Hello, welcome to The China Angle. I’m Simone Gao.
The US-China showdown has seen a new development since our last episode of the China Angle. On July 22, the US ordered the closure of the Chinese consulate in Houston, Texas. Staff there have 72 hours to leave or they will face arrest. The State Department said that the closure was ordered “to protect American intellectual property and Americans’ private information.”
The news came in as a fire broke out at the Chinese consulate in Houston on the night of July 21. A drone video sent to a local news station showed several open fire pits in the courtyard. Houston police later confirmed that the consulate officials were burning documents in the courtyard upon learning of the conviction.
Interestingly, the announcement of the closure came one day after the Justice Department indicted two Chinese hackers on charges of trying to steal research into a coronavirus vaccine. On July 22, Senator Marco Rubio echoed the urgency of this order in a Fox interview:
“The Chinese consulate in Houston is a massive spy center for the Chinese Communist Party and forcing it to close is long overdue.”
If it’s long overdue, why didn’t the US act earlier? Senator Rubio did not specify what exactly prompted the closure, but his claim was corroborated by David Stilwell, who oversees policy for East Asia and the Pacific at the State Department. Stilwell said the Houston consul general and two other diplomats were recently caught having used false identification to escort Chinese travelers to the gate area of a charter flight in George Bush Intercontinental Airport. He described the Houston consulate as the “epicenter” of research theft by the Chinese military in the US.

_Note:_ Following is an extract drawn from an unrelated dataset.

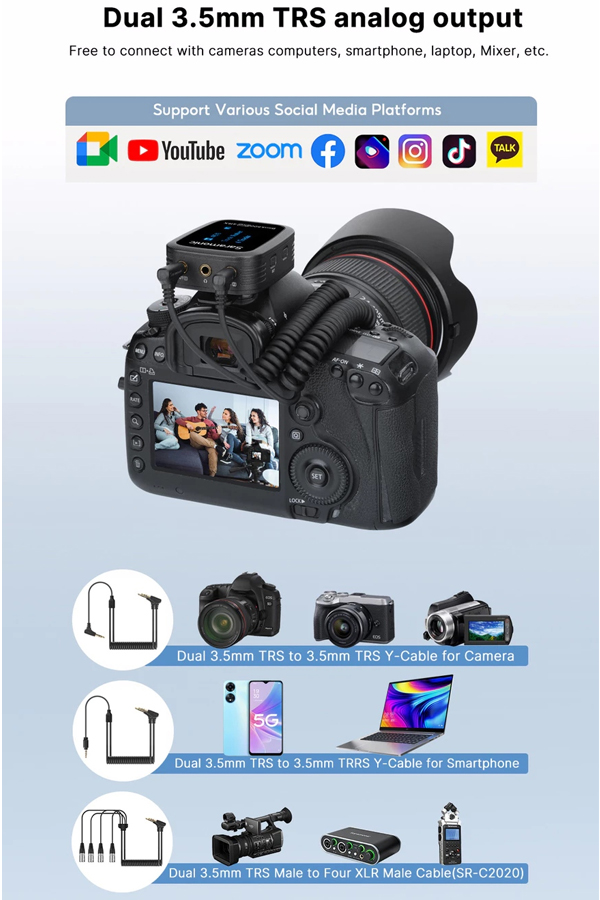 - TX รองรับการบันทึกเสียงในตัว มาพร้อมการ์ดความจำในตัว 8GB ที่ความคมชัด 48KHz 24Bit บันทึกเป็นไฟล์ WAV

It’s true that Chinese IP theft has gone on for years. POTUS himself has repeatedly condemned this behavior, which has cost the US economy billions of dollars in revenue and thousands of jobs every year. But nothing remotely as severe as the closing of a Chinese consulate had been carried out until now. Historically, such closures have almost always been done in retaliation to foreign aggressions that seriously undermined the country’s national security. If that is true, what could have prompted the US to act this time? Is it really intelligence theft? Or is the US onto something bigger?
In fact, there’s something noteworthy about the announcement made by State Department spokeswoman Morgan Ortagus. Ortagus’ statement leaves many questions unanswered, including: What exactly did she mean by “the Chinese officials interfering in America’s internal affairs”? What did the Chinese regime do to violate America’s sovereignty and intimidate its people, which America cannot and will not tolerate? How is the Houston consulate different from other Chinese consulates, which have been involved in espionage for decades? Today, we sat down with Chen Yong-lin, Beijing’s first secretary and consul for political affairs in Sydney, who defected in 2005. We discussed this issue, why the US ordered the shutdown with such urgency, and what the US intends to accomplish.